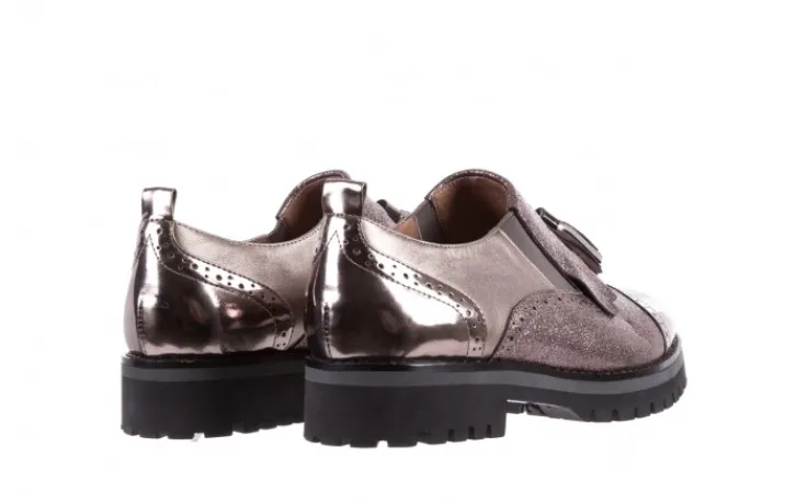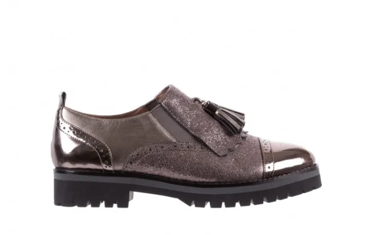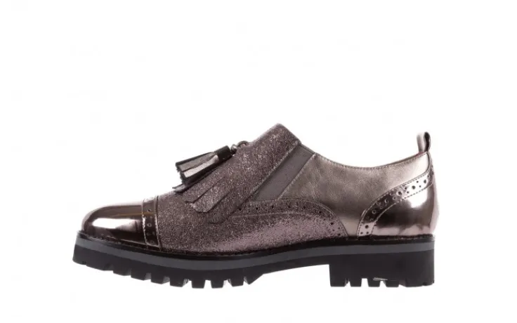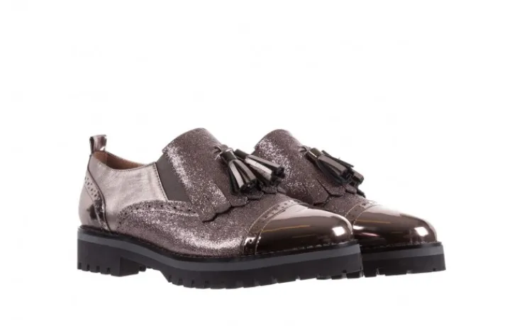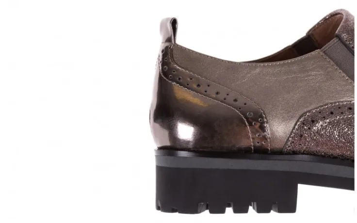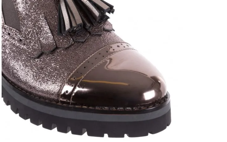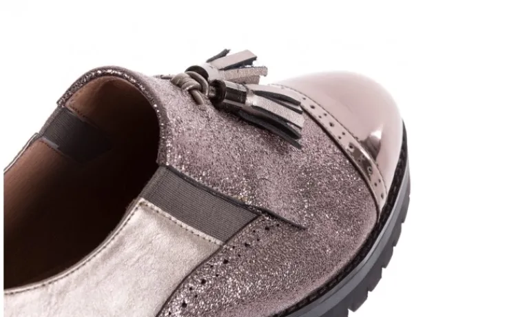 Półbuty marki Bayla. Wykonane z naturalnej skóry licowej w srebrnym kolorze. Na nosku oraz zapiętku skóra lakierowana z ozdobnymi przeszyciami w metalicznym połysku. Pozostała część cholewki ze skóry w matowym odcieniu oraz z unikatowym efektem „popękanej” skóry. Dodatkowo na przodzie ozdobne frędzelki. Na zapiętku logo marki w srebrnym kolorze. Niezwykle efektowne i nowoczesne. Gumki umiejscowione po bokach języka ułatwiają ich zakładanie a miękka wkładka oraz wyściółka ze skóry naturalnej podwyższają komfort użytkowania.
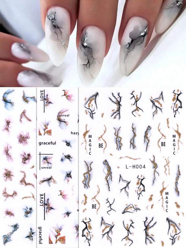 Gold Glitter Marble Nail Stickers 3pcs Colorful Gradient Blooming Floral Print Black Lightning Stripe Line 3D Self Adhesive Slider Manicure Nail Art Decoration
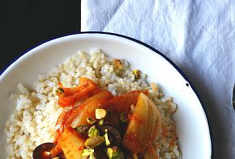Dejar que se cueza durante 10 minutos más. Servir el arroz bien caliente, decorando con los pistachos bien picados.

+ + + + + + +

▶ **What the exercise asks**: Apart from the pictures, repeat the data above exactly.

▶ **Reply to the exercise**:
 Półbuty marki Bayla. Wykonane z naturalnej skóry licowej w srebrnym kolorze. Na nosku oraz zapiętku skóra lakierowana z ozdobnymi przeszyciami w metalicznym połysku. Pozostała część cholewki ze skóry w matowym odcieniu oraz z unikatowym efektem „popękanej” skóry. Dodatkowo na przodzie ozdobne frędzelki. Na zapiętku logo marki w srebrnym kolorze. Niezwykle efektowne i nowoczesne. Gumki umiejscowione po bokach języka ułatwiają ich zakładanie a miękka wkładka oraz wyściółka ze skóry naturalnej podwyższają komfort użytkowania.
 Gold Glitter Marble Nail Stickers 3pcs Colorful Gradient Blooming Floral Print Black Lightning Stripe Line 3D Self Adhesive Slider Manicure Nail Art Decoration
Dejar que se cueza durante 10 minutos más. Servir el arroz bien caliente, decorando con los pistachos bien picados.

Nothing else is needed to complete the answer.